Despite its popularity, Digimon was never considered amongst the top tier of anime. Even at its height, the series struggled with having unfair comparisons of being a Pokémon knock off leveled against it. It didn't help that the series was seemingly held in contempt by a minority who saw it as an attempt to sell Tamagotchi (virtual pet) clones. Was there a really a demand for a follow up to a franchise that had hit its peak during the early 2000's?

Digimon Adventure Tri doesn't break from the mold of Saturday morning fare from which it is most favorably remembered. Rather it is a return to the innocent days of simpler times. Digimon was not like other shows; its characters felt real, balancing practical goals and responsibilities in a real world setting while still finding themselves fastened with the task of defending a foreign world. The English Dub was also a marked departure from anything that had been brought stateside at the time. While Sailor Moon and Dragon Ball were massacred as a means of introducing them to younger audiences, Digimon was spared the butchery.

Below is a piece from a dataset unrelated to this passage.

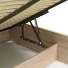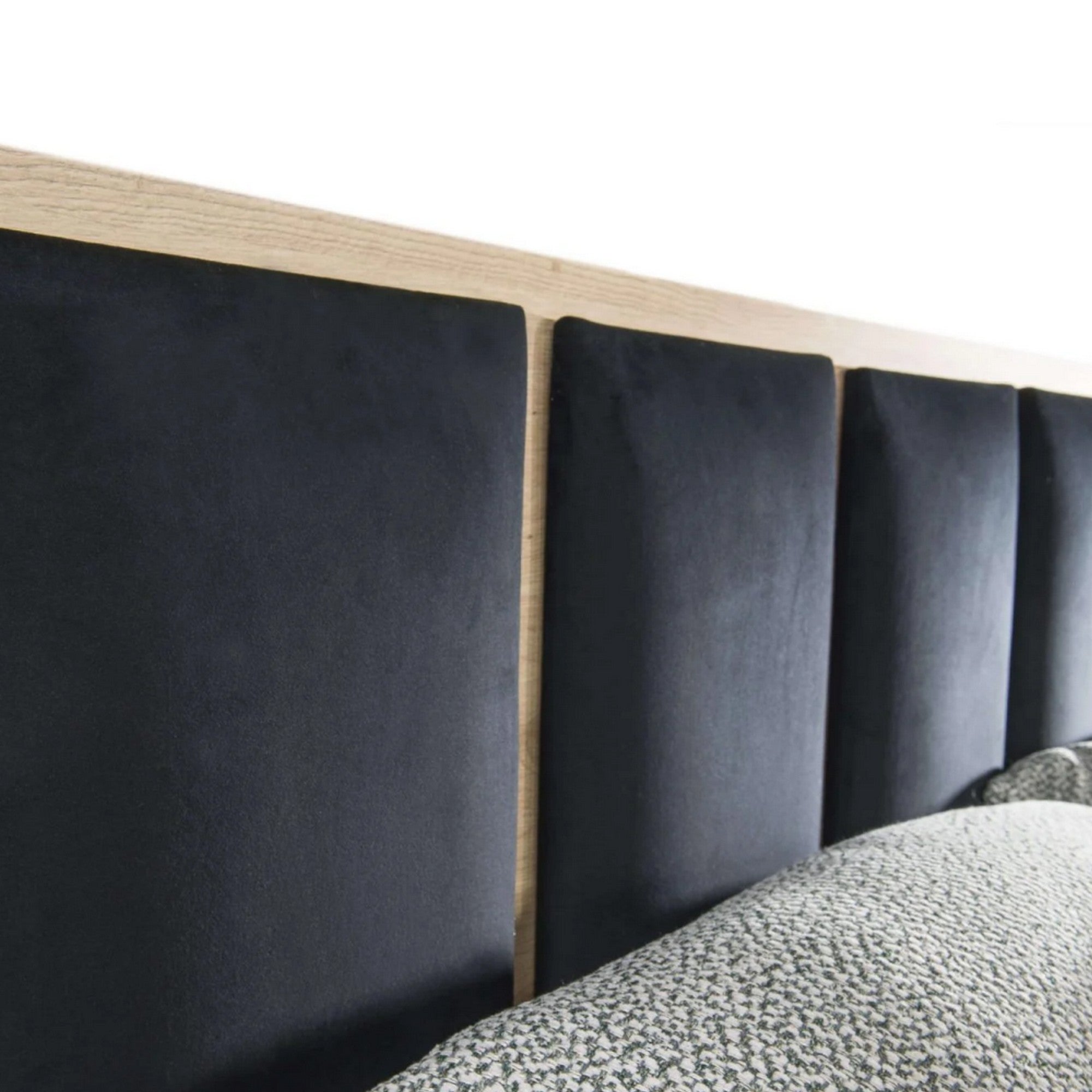PAT CALI 160X200, STEJAR ARTISAN/NEGRU, PAL/STOFA CATIFELATA, CU SPATIU DEPOZITARE, 167.3X209X100 CM

Picking up three years after the second season, Digimon Adventure 02, Digimon Adventure Tri's opening minutes lends itself to a slice of life atmosphere, finding a more mature Digi-destined crew having moved on with their lives and prepping themselves for life after high school. With the gate to the Digital World closed, Tai reminisces about adventures past while the rest of the group have seemingly moved on with their lives. Meanwhile, a freak incident resulting in multiple electronic devices malfunctioning heralds the arrival of an infected Kuwagamon to wreak in the human world. With both the Digital world and the real world intersecting once more, the Digi-destined assemble once more to unravel the mystery behind the gate's breach.

Because this release is the first of a planned six films, little happens in the way of advancing the plot. The Digi-destined reunite and learn of the existence of an enigmatic organization harboring a mysterious agenda. Toss in a few Digimon battles and the first film wraps with the set up for the next film complete. Despite the characters growing older, there is little in the way of development that doesn't reflect what we saw in the previous animated series.

Still, these are minor critiques as the film sheds whatever chances it has at targeting a greater audience and zeroes in on what fans of the franchise have come to expect. There are the callbacks to romantic pairings previously teased. Tai and Matt still find themselves at odds in their familiar friendly rivalry of who is the alpha in the group, and Mimi is still the outspoken diva of the group. Successfully capturing the spirit of the series from which it is spawned, this is a love letter to the franchise, carefully crafted to appeal its fanbase.

The Bluray

Video and Audio:

Shout Factory's release of the film is a solid effort. The stylistic choice in the designs of the characters older appearances blends well in the more naturalistic environments thanks to the greater attention to detail accompanying a films budget. Digimon always sported a brighter color pallet, which the film replicates exquisitely in high definition.

Most of the original voice cast also make their return to the series sounding as natural as ever, slipping back into their characters with relative ease. Picking back up so long after the series ended, the actors deserve kudos for not only capturing the nuances of their characters, but also observing how they have aged and matured.

Worthy of note is Shout Factory's inclusion of the familiar theme song over the main menu which is a nice touch.


As much as the film is a story of reunion, this is reflected in the special features. Interviews with the English voice cast delve into their feelings on returning to the franchise, and a brief look at the screening make up the bulk of extras.

Final Thoughts:

Despite higher production standards, Digimon Adventure Tri delivers more of the same in what is an obvious love letter to the franchise. While not ground breaking in the slightest, the film was never meant to set standards beyond appeasing the franchises fanbase. Offering a taste of greater things to come, the film is enough to whet fan's appetites until the next installment lands.